In Georgia's recent GOP gubernatorial primary, Republican candidates vowed that they would "aggressively negotiate" an end to the water war between their state and its neighbors, Alabama and Florida, if they were elected.

However, that campaign vow carried little weight in Washington, where Georgia's senators, Saxby Chambliss and Johnny Isakson, decided they did not want to wait for any gubernatorial negotiations. Instead, they began pushing a solution of their own.

At issue, you will recall, is whether metro Atlanta can use Lake Lanier as a source of drinking water and in so doing deprive states downstream — Alabama and Florida.

In 2009, a federal judge ruled that Atlanta's withdrawal from Lanier was illegal. The judge also gave the states three years to arrive at a solution before metro Atlanta would have its water supply drastically cut.

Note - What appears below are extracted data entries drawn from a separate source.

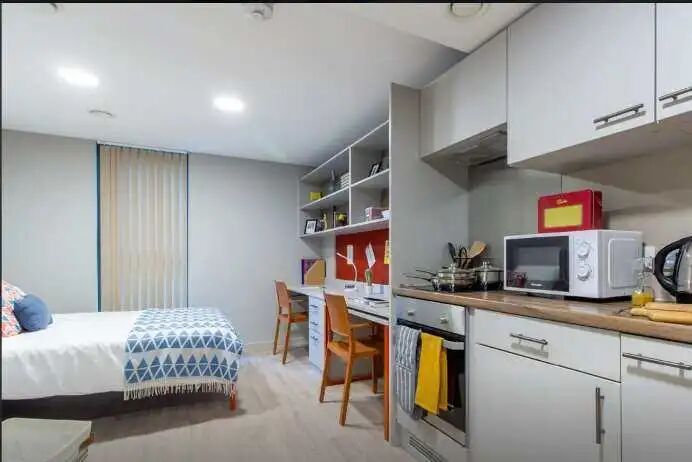 #谢菲尔德洪玮学长(原租房君) | 公寓附近有超市,购物方便,有班车接送,上下学方便,公寓每两周有免费打扫,公寓设施齐全,有电影房,KTV房等娱乐场以及健身房等
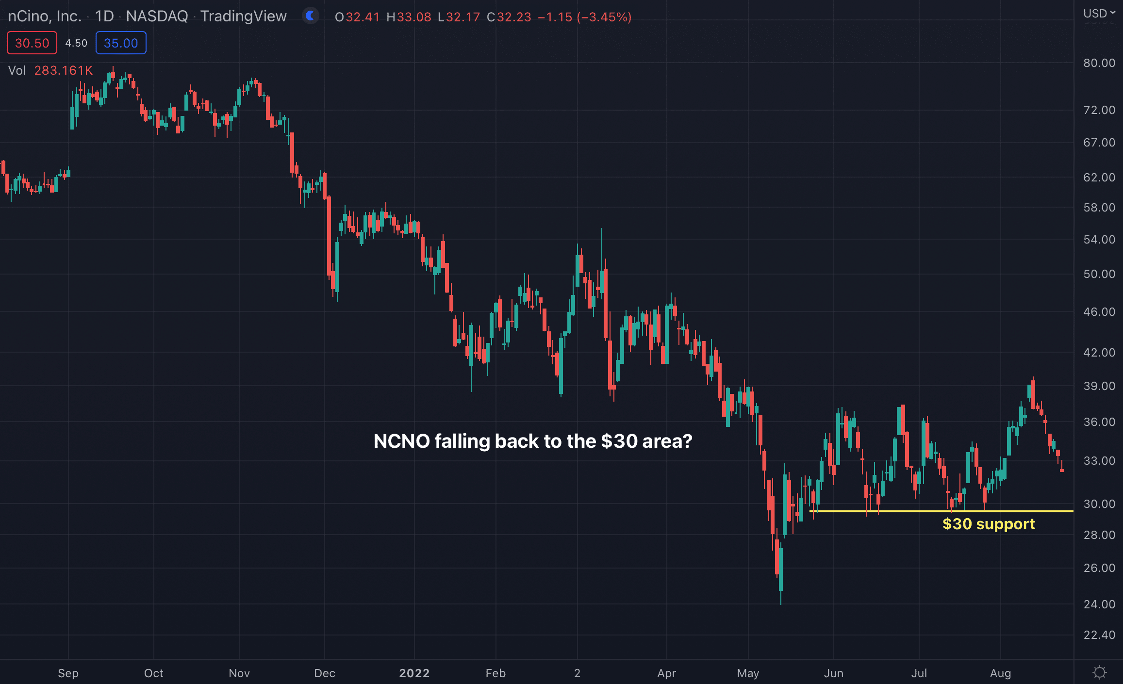 nCino, Inc. engages in the development of a cloud-based operating system for banks. The firm serves financial institution customers of all sizes and complexities, including global financial institutions, enterprise banks, regional banks, community...
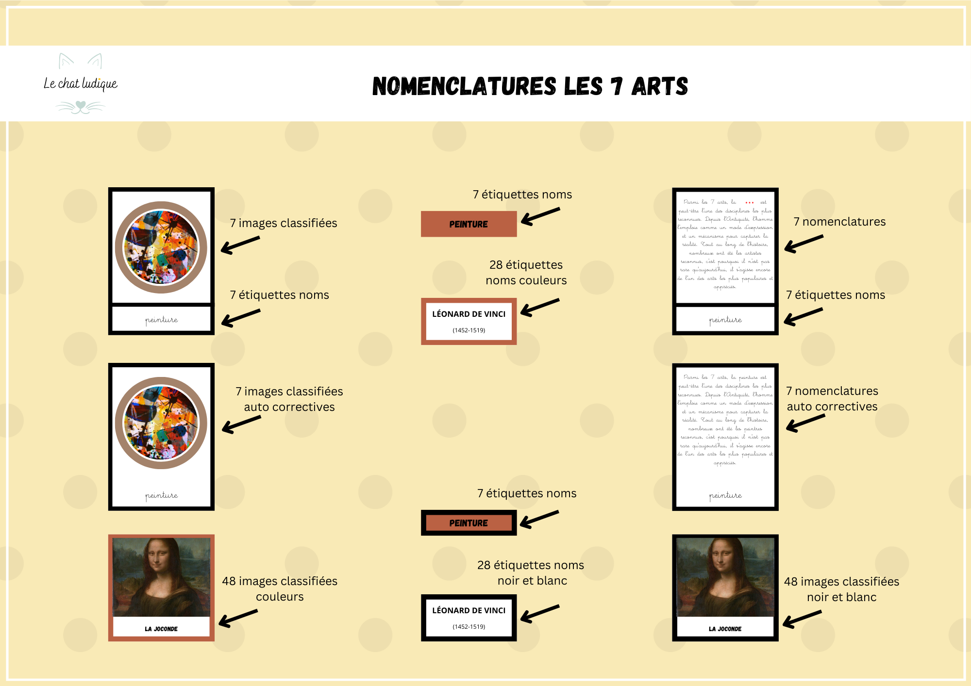 Inspiré de la pédagogie Montessori, ce support imprimable permet de reconnaître, nommer et comprendre les grandes disciplines artistiques à travers des cartes visuelles claires et pédagogiques.
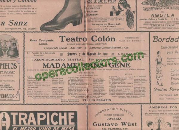 MADAME SANS-GENE - August 7th, 1919. Teatro Colon program with Claudia Muzio. Conductor: Tullio Serafin. First time ever performance in South America of this opera by Umberto Giordano

After that ruling, officials of the U.S. Army Corps of Engineers, which oversees the lake, pledged not to get involved in the controversy. With a policies-and-procedures manual to update, it had its hands full.

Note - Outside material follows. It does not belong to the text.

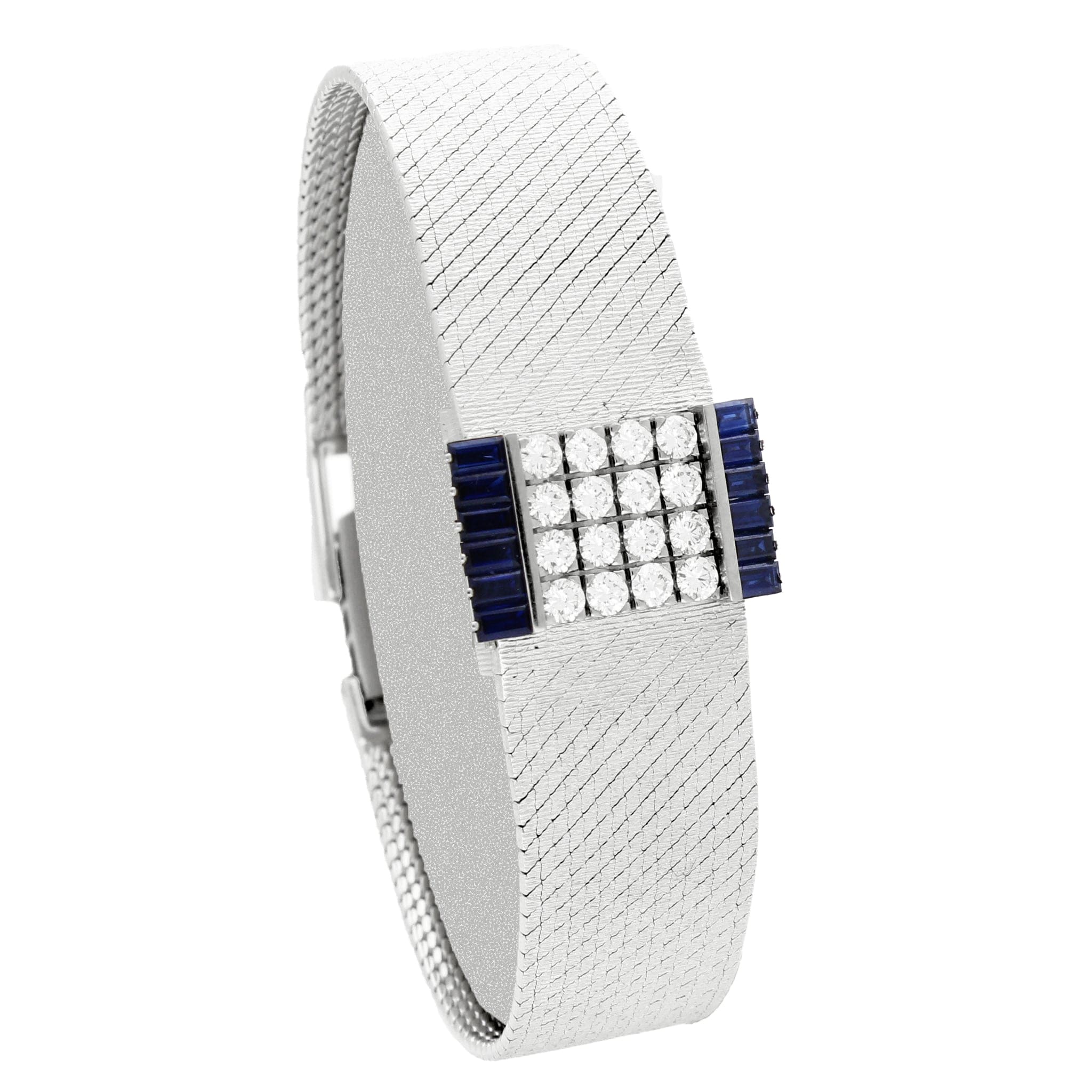 18ct white gold Patek Philippe ref. 3319 diamond & sapphire set bracelet watch. Made 1967—

Last month, the same federal judge released a second ruling in which he said that if the Corps "does not at least consider the effects of current and future water supply withdrawals from Lake Lanier," the new guidelines will be "useless."

Chambliss and Isakson were surely thrilled. Let's get the Corps to write Atlanta's withdrawals into the manual.

Not so fast, said Alabama Sens. Richard Shelby and Jeff Sessions and Florida Sens. Bill Nelson and George LeMieux. In a strongly worded letter to Jo Ellen Darcy, assistant secretary of the Army for civil works, and Lt. Gen. Robert Van Antwerp, chief of engineers for the Corps, the Alabama and Florida senators wrote, "The unspoken premise of the letter from the Georgia senators is that the Corps can somehow develop a solution to the tri-state water controversy. We strongly disagree with that notion.

"The solution (to the problem) will require concessions by each state," they added, "and it is not the job of the Corps to decide what those concessions will be."

We could not agree more. There is nothing to indicate that "consider the effects" means giving metro Atlanta the water it wants — or even some of it. Moreover, since the Corps had pledged to stay out of the controversy, it should honor that pledge.

Concessions will have to be by everyone, but they should be hammered out at the negotiation table. The Georgia senators should stay out of it, and the governors chosen in November should make settling this matter a top priority.